▶ _GIVEN INFORMATION_

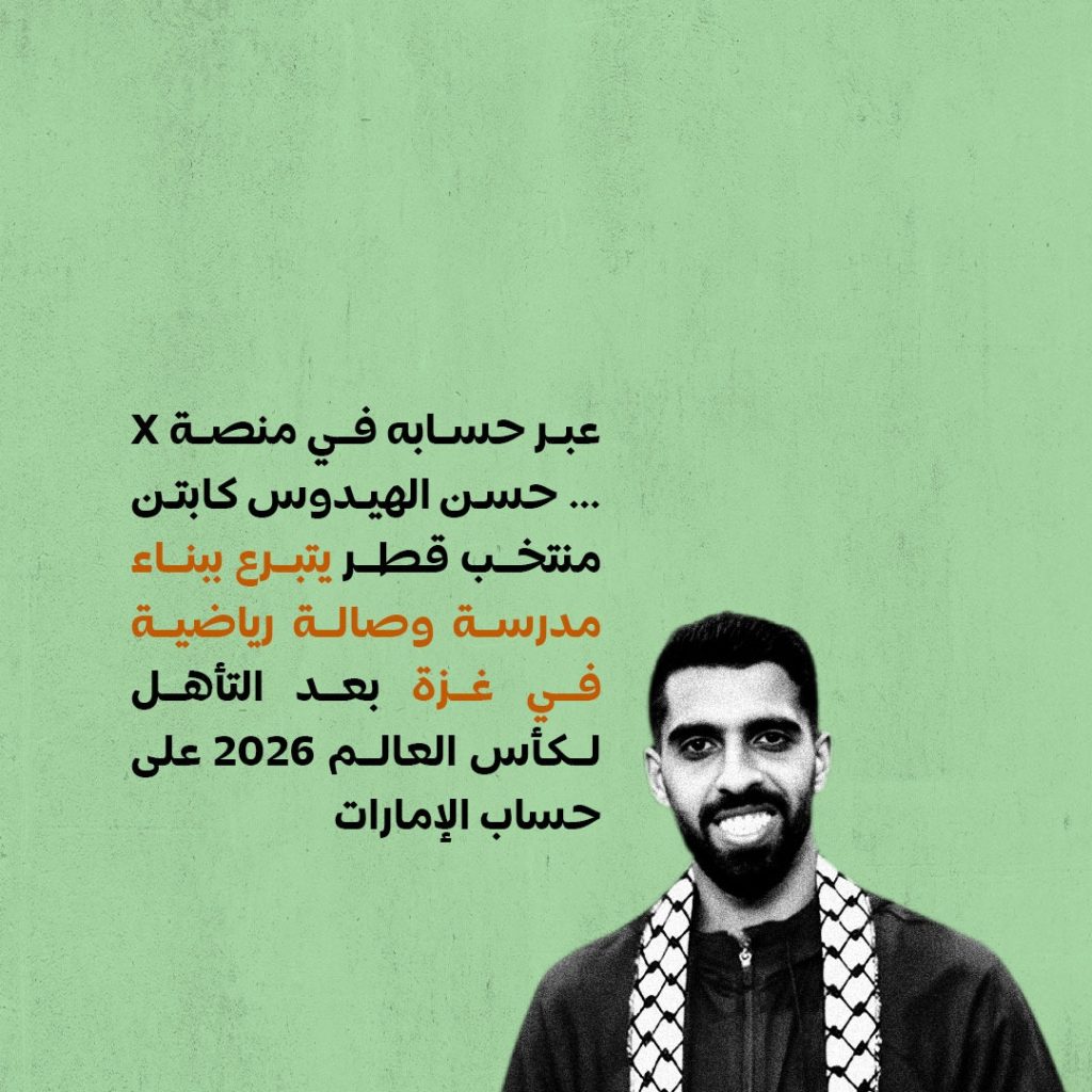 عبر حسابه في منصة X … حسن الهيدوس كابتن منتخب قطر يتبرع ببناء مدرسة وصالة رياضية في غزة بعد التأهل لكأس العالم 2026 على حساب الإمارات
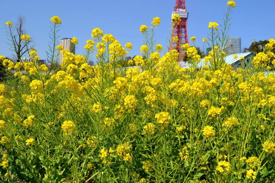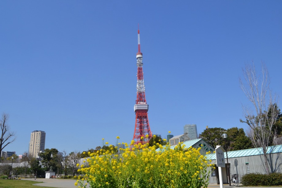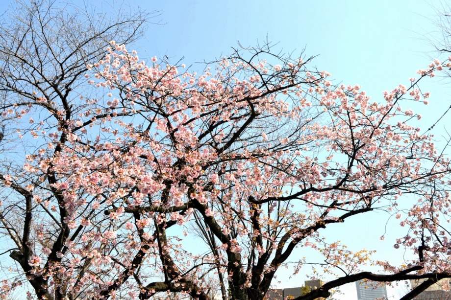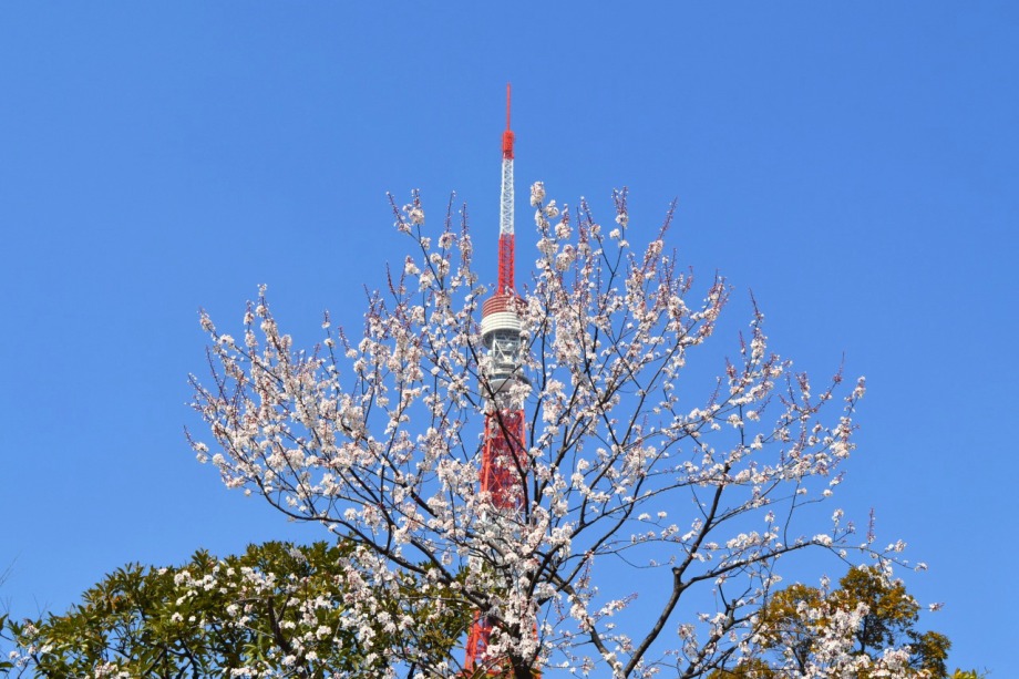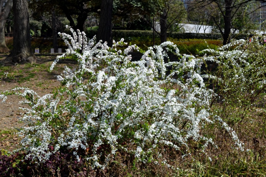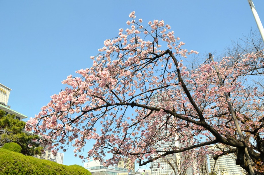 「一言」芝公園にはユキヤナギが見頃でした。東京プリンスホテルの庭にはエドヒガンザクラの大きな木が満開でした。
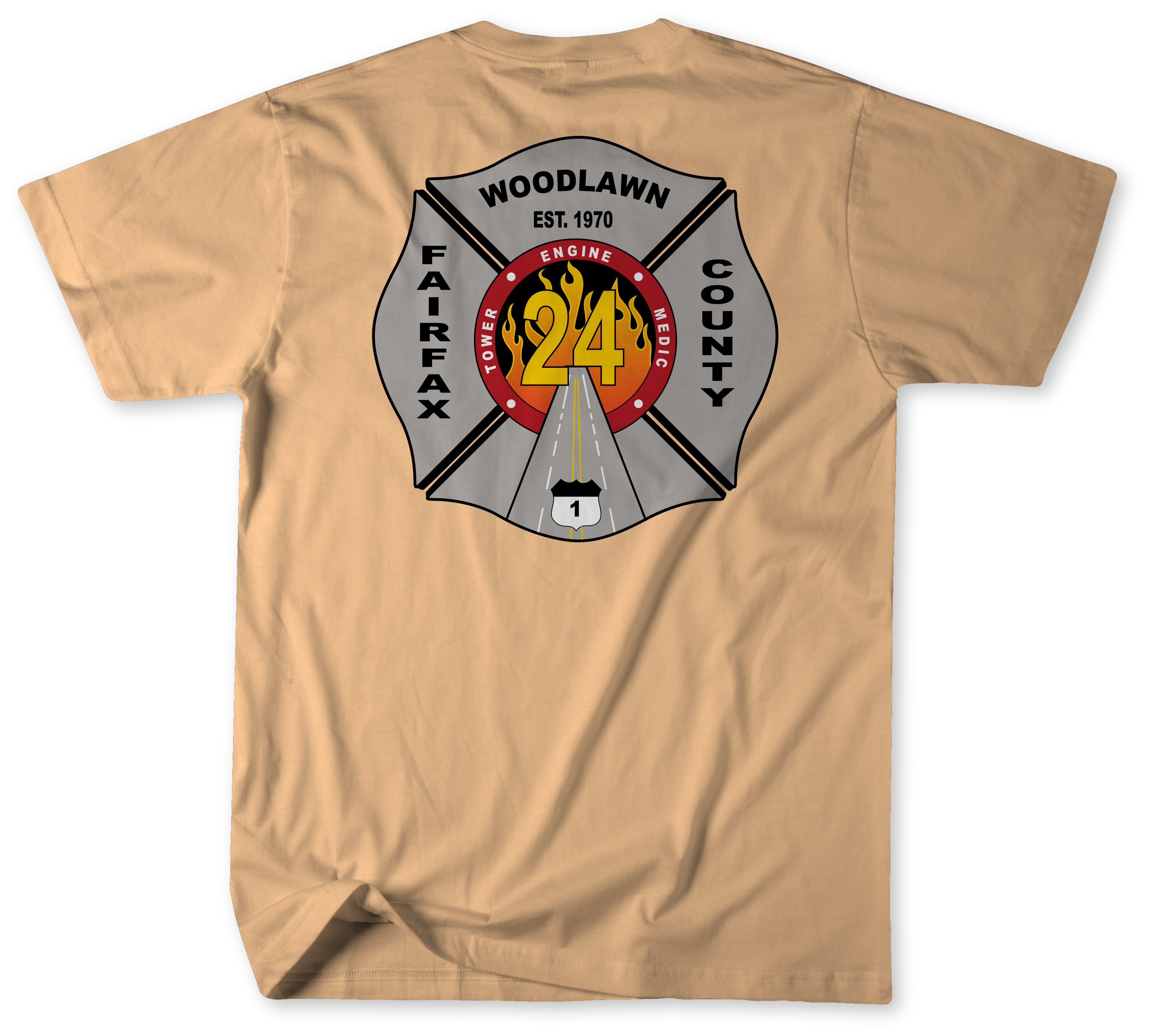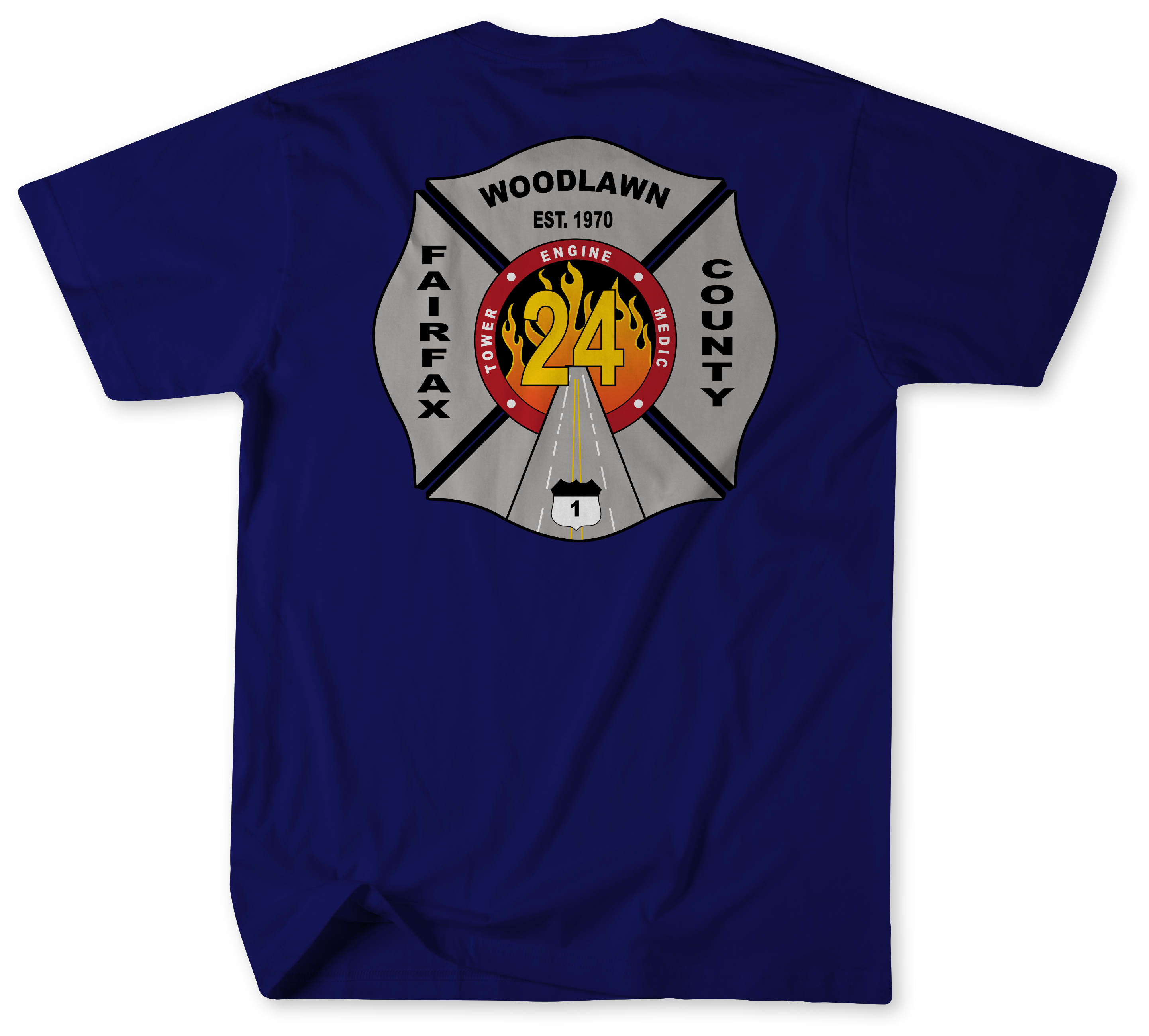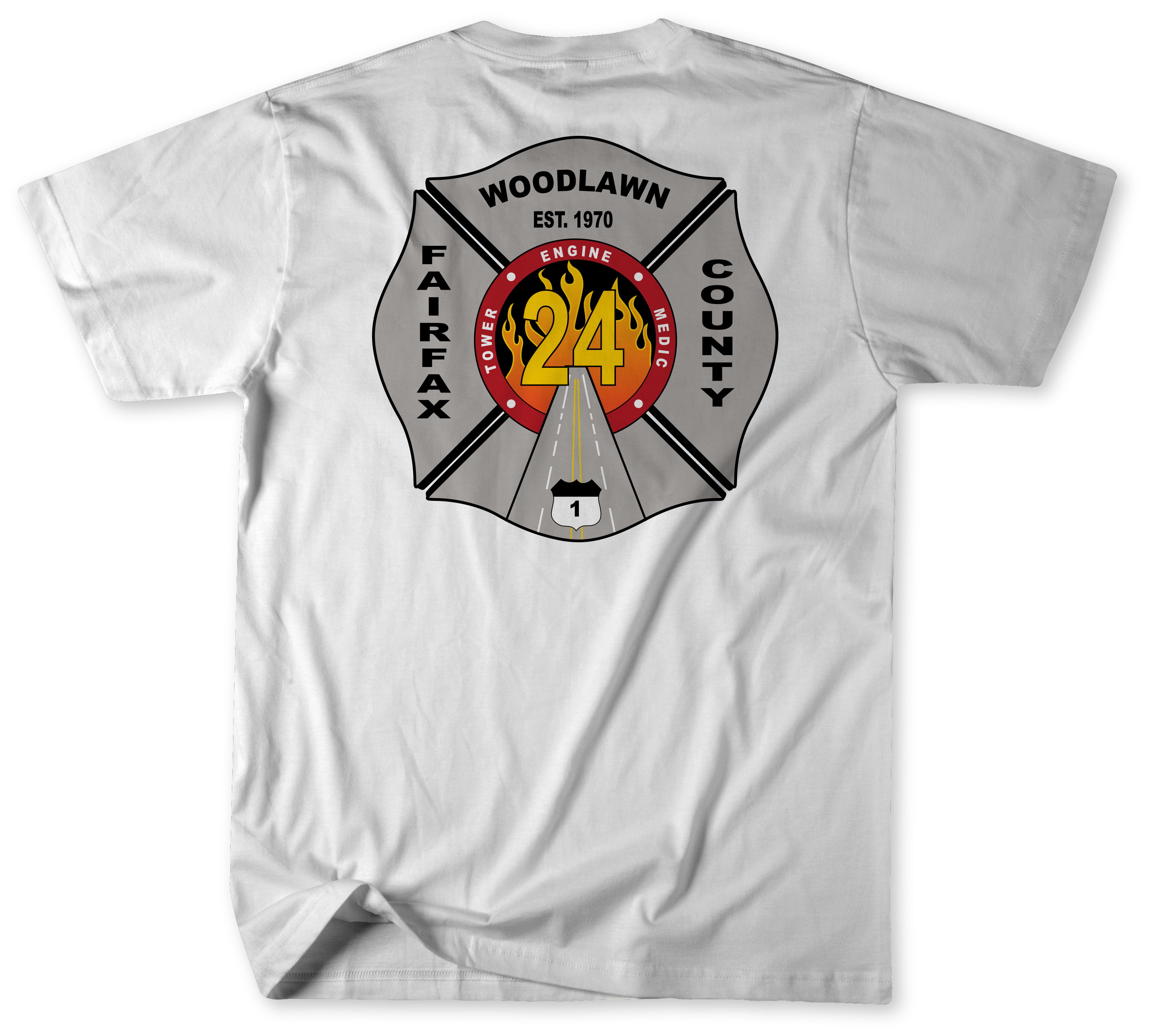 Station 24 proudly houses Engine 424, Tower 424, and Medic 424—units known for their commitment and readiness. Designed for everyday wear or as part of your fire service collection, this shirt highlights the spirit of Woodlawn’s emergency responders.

▶ _ACTION ITEM_
Output the whole listing without change. Any picture is to be left out.

▶ _ANSWER SECTION_
 عبر حسابه في منصة X … حسن الهيدوس كابتن منتخب قطر يتبرع ببناء مدرسة وصالة رياضية في غزة بعد التأهل لكأس العالم 2026 على حساب الإمارات
 「一言」芝公園にはユキヤナギが見頃でした。東京プリンスホテルの庭にはエドヒガンザクラの大きな木が満開でした。
 Station 24 proudly houses Engine 424, Tower 424, and Medic 424—units known for their commitment and readiness. Designed for everyday wear or as part of your fire service collection, this shirt highlights the spirit of Woodlawn’s emergency responders.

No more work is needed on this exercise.